Ana içeriğe atla

Yıkıcı ihtirasın simgesi; Macbeth!

Bu sezon "Ekip Tiyatrosu ve Tiyatro İstanbul" ortaklığında gerçekleşen iki oyunu kısa aralıklarla izleme fırsatı buldum. Oyunlardan biri geçenlerde yazdığım "Popüler Gerçek" diğeri ise Shakespeare'in en bilinen ve en çok sahnelenen oyunlarından biri olan "Macbeth"

20. İstanbul Tiyatro Festivali'nde prömiyer yapan, usta oyuncu Bülent Emin Yarar'ın yönettiği oyunda; Simel Aksünger, Serkan Altıntaş, Aziz Caner İnan, Murat Kapu, İsmail Sağır, Ayşegül Uraz ve Cem Uslu yer alıyor.

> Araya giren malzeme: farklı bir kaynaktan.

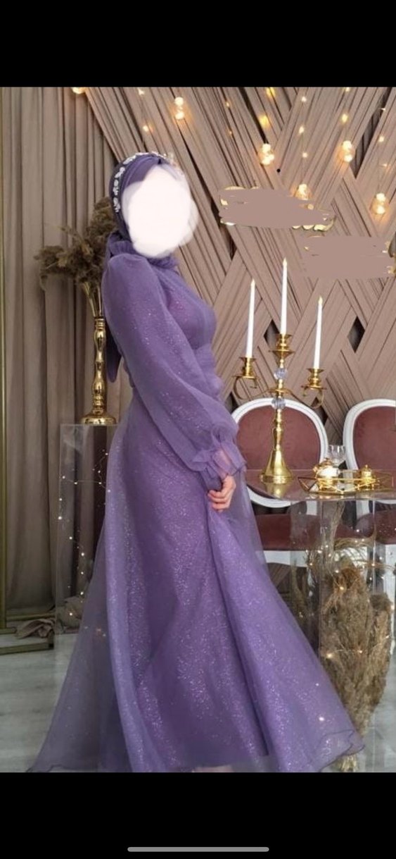 Parıltılı mor, yüksek yakalı ve uzun kollu, drapeli, fit kesim uzun abiye elbise. Nişan için uygun, gösterişli goth tarzda. Bir kez nişanımda giydim çok hafif ve rahat

Oyunun konusundan biraz bahsetmek gerekirse; savaştan zaferle dönen komutanlar Macbeth ile Banquo ıssız bir fundalıkta esrarengiz bir şekilde cadılarla karşılaşır. Cadıların Macbeth'e sahip olmadığı unvanlar yakıştırarak sırayla Glamis Beyi, Cawdor Beyi ve geleceğin Kralı! diye selamlayarak kehanette bulunmaları onları ciddiye almayan Glamis Beyi Macbeth'in kısa bir süre sonra kahramanlığından dolayı Kral Duncan'ın kendisine Cawdor Beyi unvanını vermesiyle kafasını karıştırır ve içinde krallık ihtirasını uyandırır... Kendisinden daha hırslı olan karısı Lady Macbeth'in desteğiyle akla hayale gelmeyecek şeyler yapmaya başlar...

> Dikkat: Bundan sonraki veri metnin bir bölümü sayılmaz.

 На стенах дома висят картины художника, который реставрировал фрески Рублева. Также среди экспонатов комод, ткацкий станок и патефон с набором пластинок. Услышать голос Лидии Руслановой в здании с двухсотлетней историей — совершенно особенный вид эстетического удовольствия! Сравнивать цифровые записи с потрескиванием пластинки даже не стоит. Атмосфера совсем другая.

Shakespeare'in yüzyıllardır güncelliğini korumuş ve korkarım ki çok uzun zaman da bu güncelliğini yitirmeyecek oyunlarından biri Macbeth...

"Macbeth'e günümüzden bakınca insanoğlunun bir dirhem yol almadığını görüyorum ama bunu söylerken sadece iktidar sahiplerini katmıyorum işin içine. Çünkü, bu hırs dediğimiz kavram hepimizin içinde var. Herhangi bir insana küçücük bir paye verildiğinde, bu insan hemen bu payeyi kendi iktidarını kurmak için bir başlangıç hareketine dönüştürebiliyor. Benim için Macbeth bu. Bu arızalı halimizle yüzleştirme çabası." Diye oyunla ilgili düşüncelerini özetleyen yönetmen Bülent Emin Yarar'a katılmamak mümkün mü?

Kral Duncan'ın dediği gibi "insanın içinden geçenler yüzünden okunsaydı keşke" insanın zayıflığı, ihtirası, gücü elde etmek için gözünü kırpmadan yapabilecekleri, sadece bir tesadüf olabilecek sözlere kendini inandırarak yola devam etmesi, yol arkadaşının/eşinin onu engellemek yerine daha da kötüye teşvik etmesi, bu uğurda en güvendiğin insanları gözden çıkarmak ve bütün bunlar uğruna elde ettiğin güçte bir an bile rahat edemeden huzursuz geçen bir yaşam, insani değerler ve her zaman olduğu gibi eninde sonunda vicdan muhasebesi...

Shakespeare'in dramatik dehasıyla birleşip, söz ustalığı da eklenince gücün gölgesindeki karanlıkta/krallıkta birbirini yok etmek için ittifakta bulunan bir karı koca ve çevresindekileri yakıp kavuran ihtiras rüzgarında savrulan insanların hikayesini okumak kadar izlemek de insanı derinden etkiliyor...

Her ne kadar artık ezbere bildiğim bir metni her sene başka bir tiyatrodan izlemek, her zaman beklentimi karşılamasa da sanırım yine de her Shakespeare oyununu aynı merakla seyretmeye gideceğim... Böyle güzel sürprizlerle karşılaşmak umuduyla...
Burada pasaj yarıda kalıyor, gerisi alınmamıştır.